Analyses that accompany a manuscript describing the crossmap software.
This repository describes analyses of large datasets that are not included on github. A snapshot of data files - both raw and processed - is available on zenodo (dataset 4287332).
(Repository on github may differ from the zenodo snapshot by a few commits.)
The repository can be used in two distinct ways. It is possible to use the code to start with raw data files and perform a complete analysis, including data-intensive calculations, and produce summary visualizations. Alternatively, it is possible to start with a combination of raw and processed data files, and only generate visualization based on the preprocessed data.
The repository holds code for creating knowledge-bases with crossmap, using these knowledge-bases to process datasets, and visualize results. In order to execute these steps, several setup steps are required. Apart from the setup, the total running-time for these calculations can be several hours.

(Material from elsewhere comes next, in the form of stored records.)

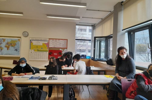 Il secondo incontro si è svolto in presenza presso la scuola "Hannah Arendt". Gli alunni della scuola "E. Lévinas" si sono recati presso la scuola gemella e quì hanno avuto la possibilità di conoscere dal vivo i loro nuovi compagni. Nel corso dell'incontro, coppie di ragazzi provenienti dalle due scuole hanno presentato in entrambe le lingue i lavori messi a punto che spiegano l'importanza del bilinguismo nello sviluppo personale e sociale.
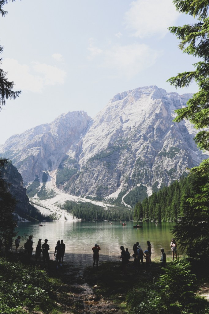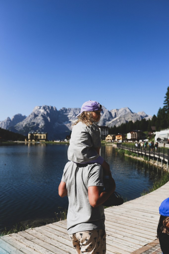 A cea de-a treia zi ne-am incercat din nou norocul cu Lago di Braies, de data aceasta mergand direct cu autorulotele (15km distanta de camping). Am incercat sa fim cat mai matinali posibil, ca sa putem prinde locuri in parcare. Nu se poate campa la lac, chiar daca exista mai multe spatii de parcare, insa se poate intra in parcare cu autorulota (la parcarea P4). Din pacate, chiar si dimineata devreme (adica 9-ish) nu am reusit sa gasim loc de parcare, erau toate ocupate complet. Asa ca Andrei ne-a asteptat in parcare, cat timp eu si copiii am vizitat putin lacul. Este poate ca cel mai renumit lac din zona Dolomitilor, cunoscut pentru culoarea superba a apei (turcoazul acela impresionant) si imprejurimile frumoase (muntii care se oglindesc in lac, casuta de lemn de pe lac si barcile acelea frumoase din lemn care chiar fac locul acesta sa lara desprins din povesti). Se poate merge usor in jurul lacului (e un traseu usurel de aproximativ 4km, erau familii chiar cu carucioare pe acolo). Noi l-am prins insa foarte aglomerat, insa era de asteptat. Este un lac foarte popular, are parcare la cativa metri de el, e usor accesibil, e foarte frumos, apare peste tot in recomandari, deci e firesc sa fie arhiplin (cred ca oricand, nu doar vara).
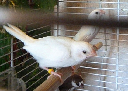 Юки - белая самка (белое кольцо на правой лапке):
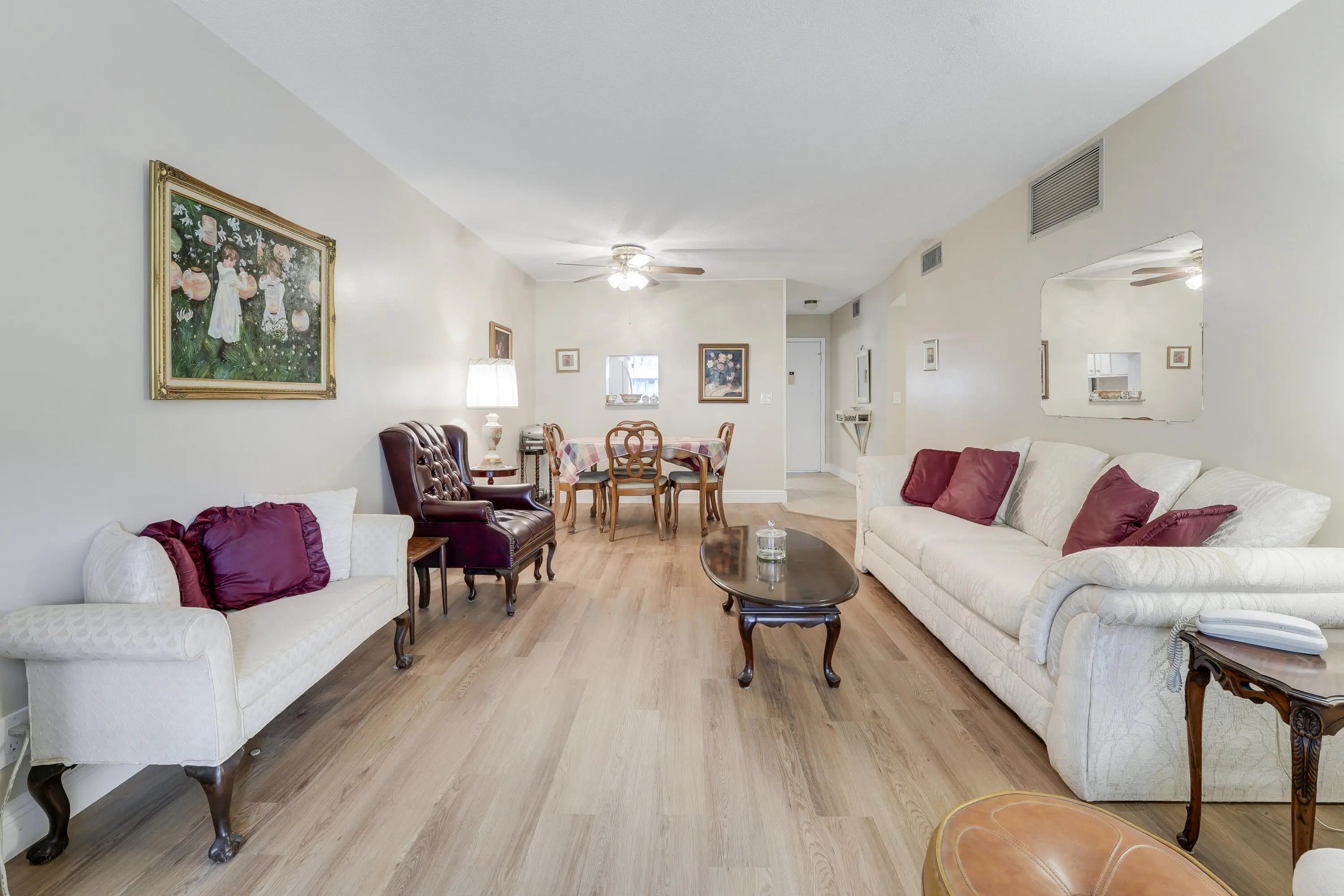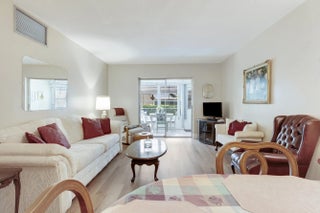 Welcome home to this move-in ready *ground-floor* 2 bed, 2 bath condo in the 55+ community of Village Royale! Featuring an updated kitchen with newer appliances, brand new bedroom flooring, and a spacious Florida room with full-sized washer and dryer. Step outside to your private pavered patio with beautifully landscaped views. HOA includes water, trash, basic cable, and internet. Enjoy fantastic amenities—clubhouse, pool, shuffleboard & more. Prime location just minutes to the beach, Publix, shopping, and I-95. Don't miss this one! ** Seller paid all special assessments in full! Many association updates are in process of completion. **
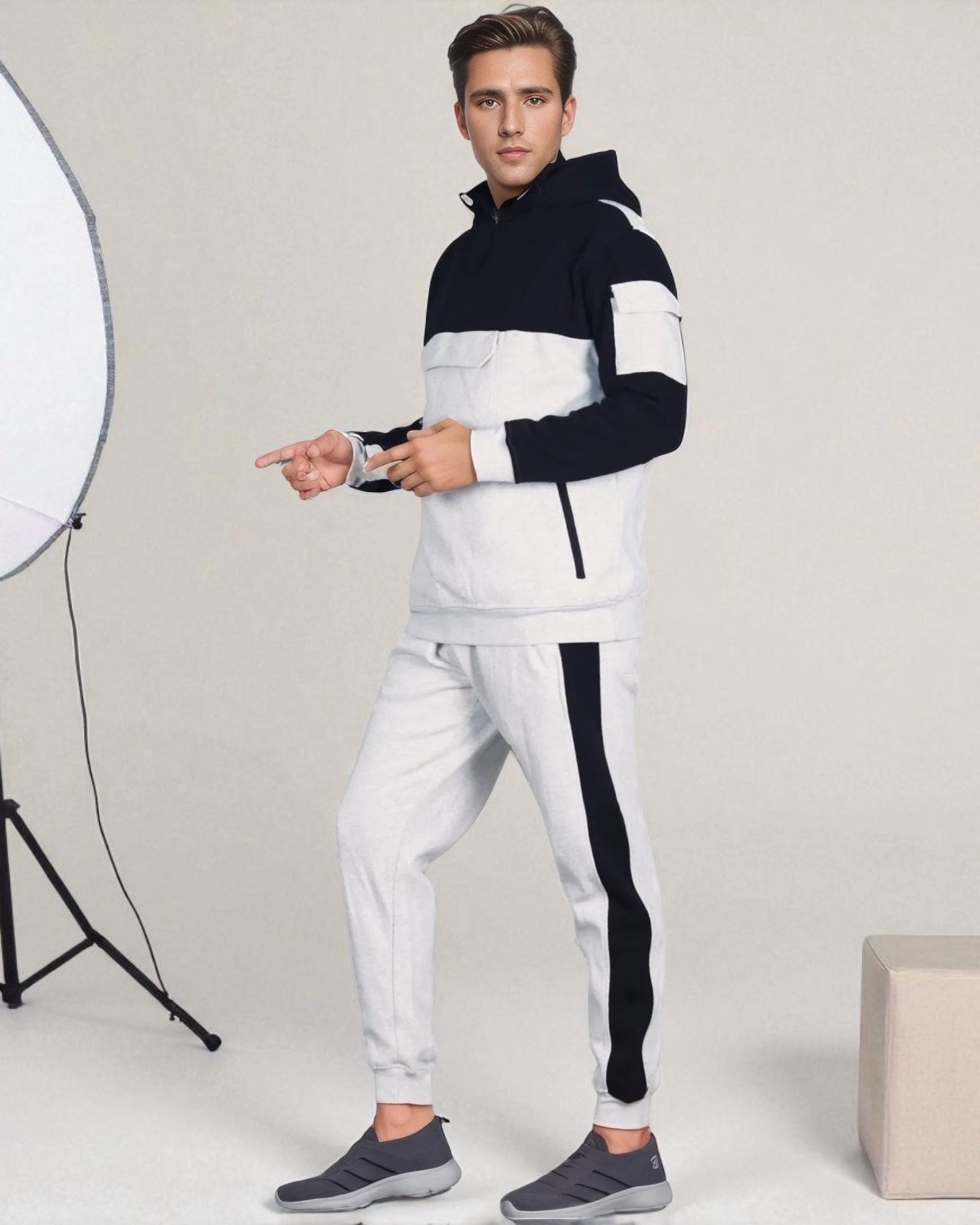 Add a touch of luxury to your casual wear with our men's 2-piece quarter zip hoodie and jogger sweatpants. Made with heavy fleece, this ensemble provides ultimate comfort and warmth. Elevate your style and stay cozy in this premium fleece outfit.
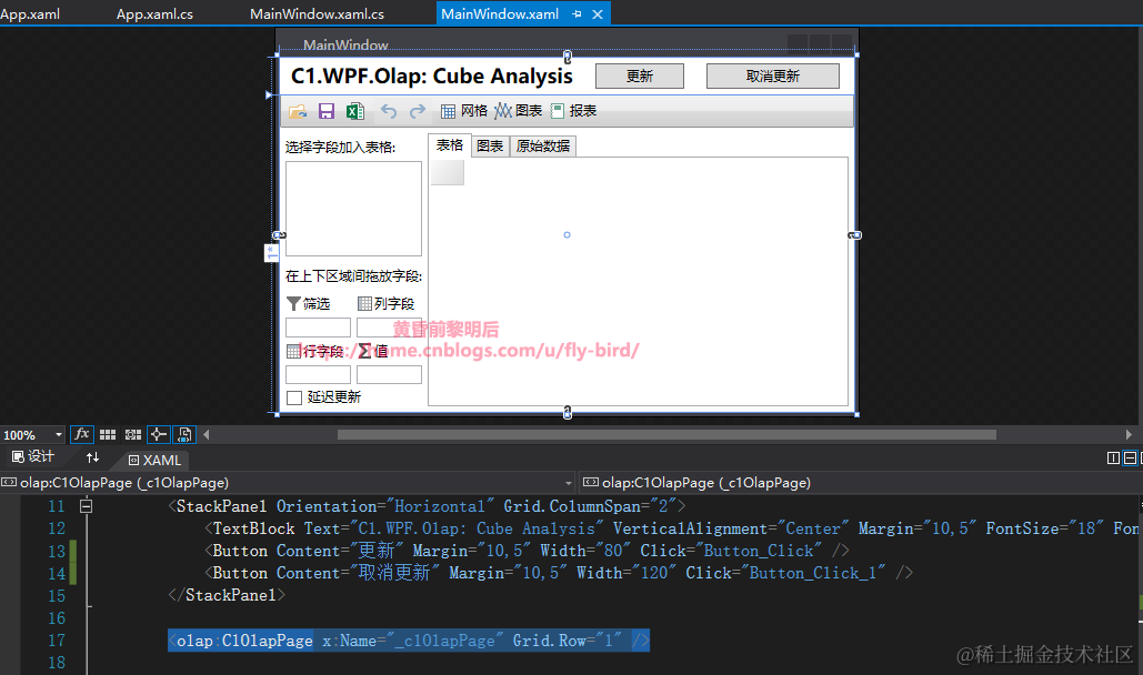 2、 在UI界面中先要引入C1的引用xmlns:olap="clr-namespace:C1.WPF.Olap;assembly=C1.WPF.Olap.4" xmlns:c1="schemas.componentone.com/winfx/2006/…"
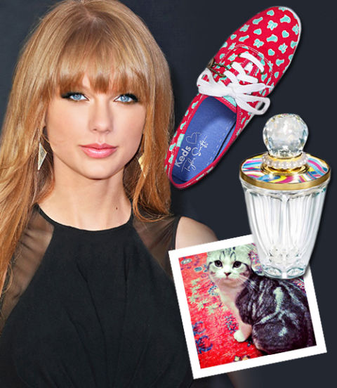 VANITY: Red lipsticks and lip stains; daily contact lenses; face wash; moisturizer; cat treats; and my new fragrance, Taylor by Taylor Swift.
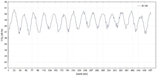 The C/N0 density ratio for a G20 satellite (SV 20) from a real-world meaconing dataset is shown in Figure 10.
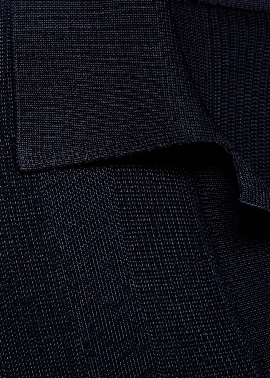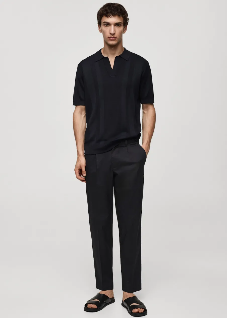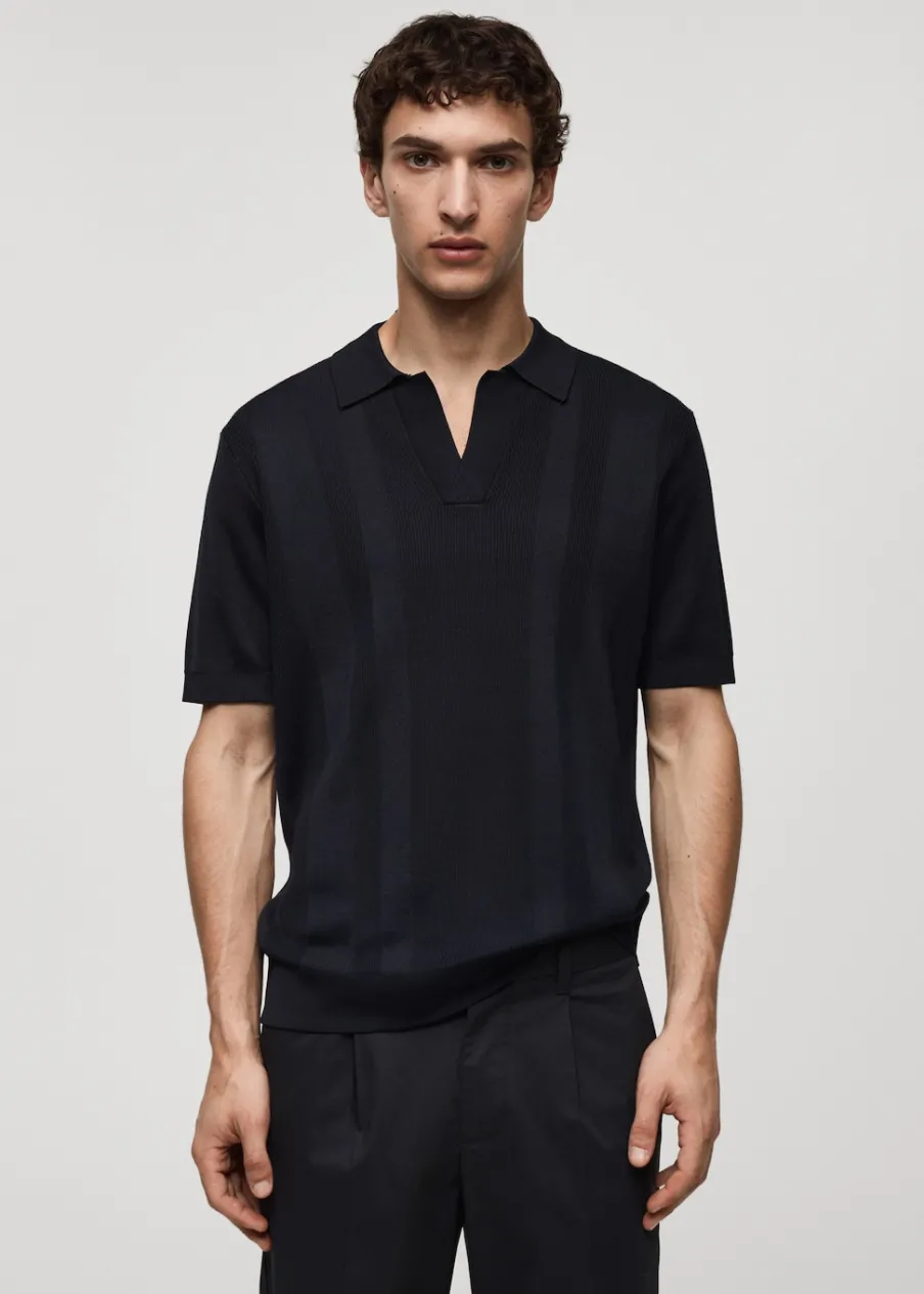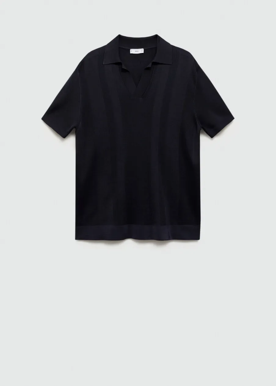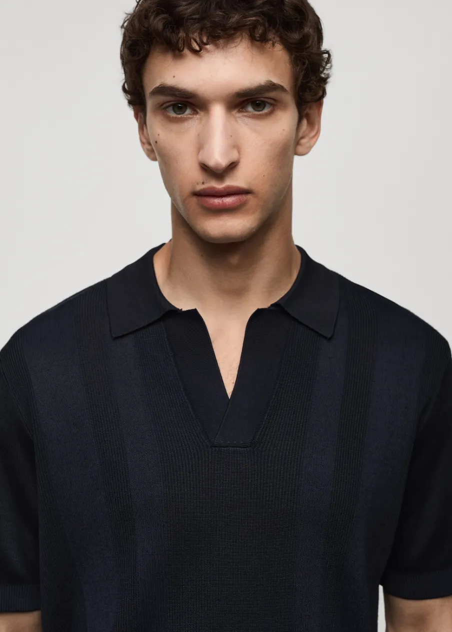 Kolor granatowy dostępny tylko online. Tkanina mieszanka bawełny. Ściągaczowa dzianina. Kołnierzyk polo z dekoltem w serek bez zapięcia. Krótki rękaw. Prosty dół. Kontrastowe prążkowane wykończenie na dekolcie, rękawach i u dołu. Model ma 187 cm wzrostu i nosi rozmiar L.
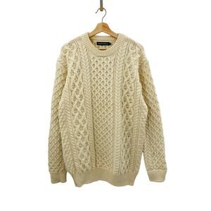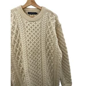 Irelands Eye XXL Cream Cable Knit Wool Crew Sweater
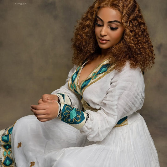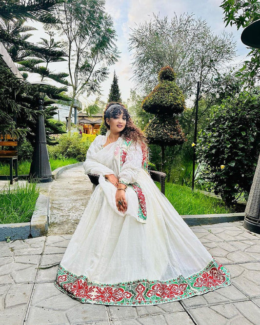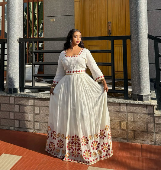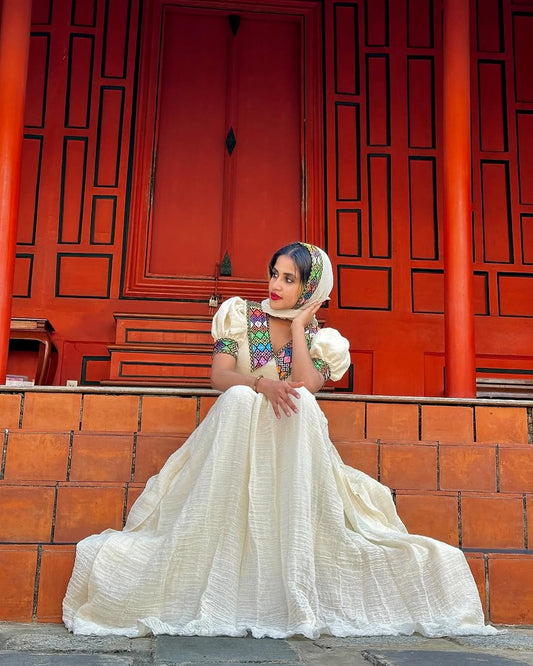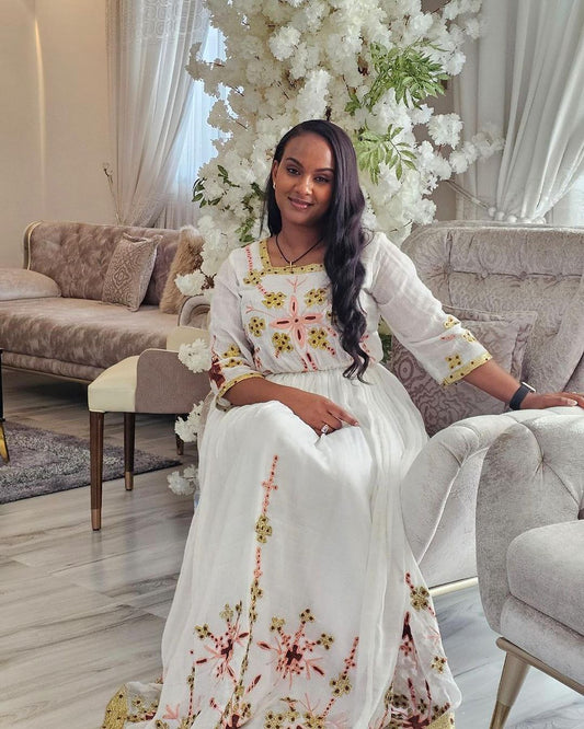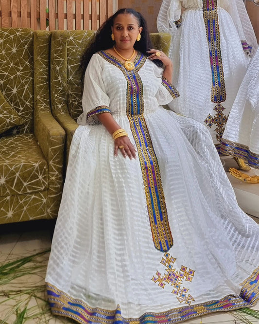 Elegant Traditional Ethiopian Dress: Multicolored Embroidered Habesha Dress for Cultural Celebrations
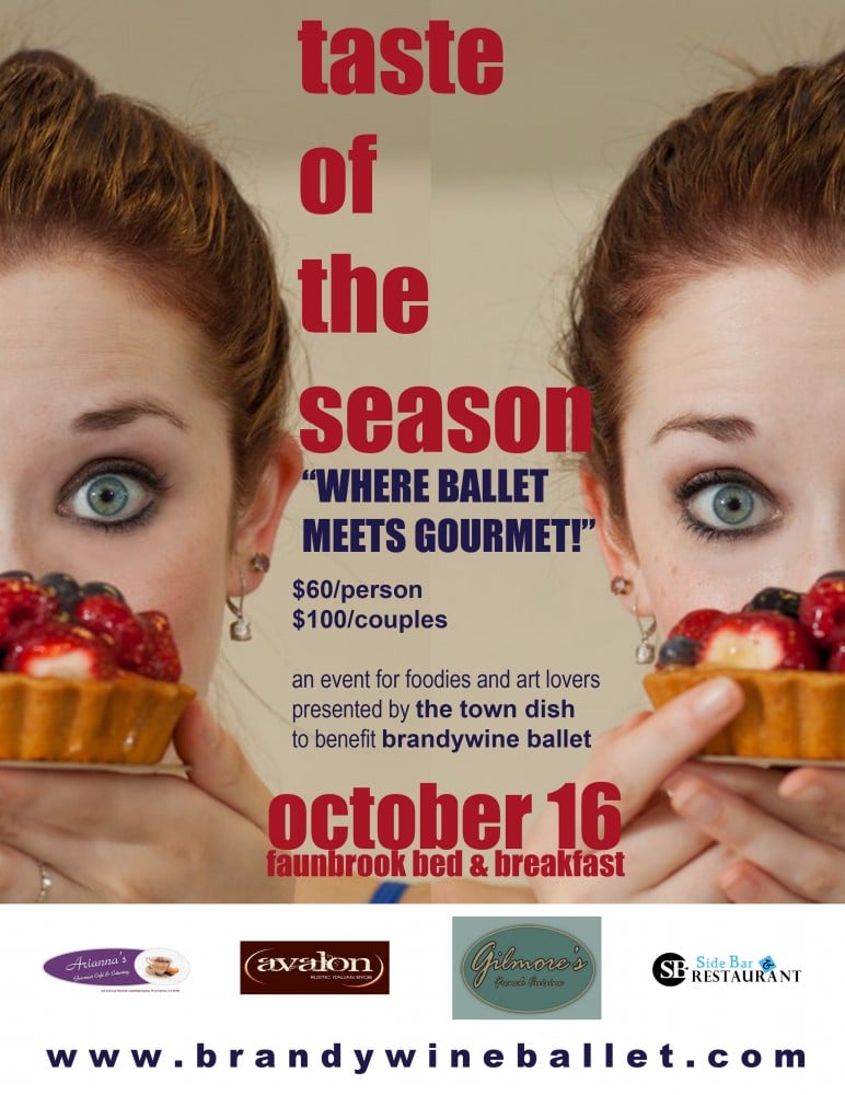 The upcoming “Taste of the Season” fundraising event, with proceeds to benefit Brandywine Ballet, will offer a sophisticated evening for foodies and art lovers alike, pairing incredible eats and wine aside a sneak peek of the upcoming 2011–2012 performing season of the local, established dance organization.
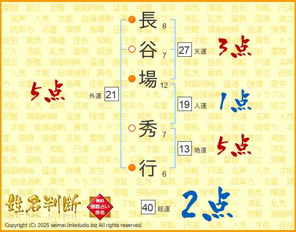 長(8画)谷(7画)場(12画) 秀(7画)行(6画)
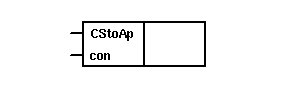 Villkorlig lagring av analogt värde på analog storhet (= parameter, in- eller utsignal) i godtyckligt lokalt objekt. Lokal betyder att målobjektet tillhör samma nod som CStoAp objektet. Villkorlig lagring syftar på con-ingången som förväntas vara kopplad. Villkorsingången kan med hjälp av Objekts Editorn fås att invertera insignalen. Idag kan emellertid den grafiska symbolen inte visa en inverterad con- ingång. Därför rekommenderas, då så erfordras, en explicit användning av Inv -objekt. Det är inte tillåtet att med funktion i C-program eller PLC program skriva i någon av ingångarna.Tips
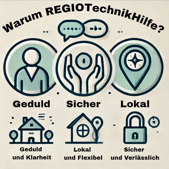 Wir helfen Ihnen dabei, die digitale Welt besser zu verstehen! Ob Smartphone, Tablet, Computer oder Smart-Home-Geräte – REGIOTechnikHilfe bietet verständliche Unterstützung bei allen technischen Fragen. Einfach, lokal und zuverlässig.

The crossmap software should be installed in a location that is separate from this repository to avoid any potential file conflicts.
An executable bash script called crossmap
should be created at the repository
root to allow the repository to utilize the software. An example script:
#!/bin/bash -l
python3 /path/to/crossmap/crossmap.py $@
The crossmap software will require access to a mongodb instance. See the crossmap documentation.
A list of required packages appears in file vignettes/config.R
. Most packages
are available from CRAN while others can be installed through github.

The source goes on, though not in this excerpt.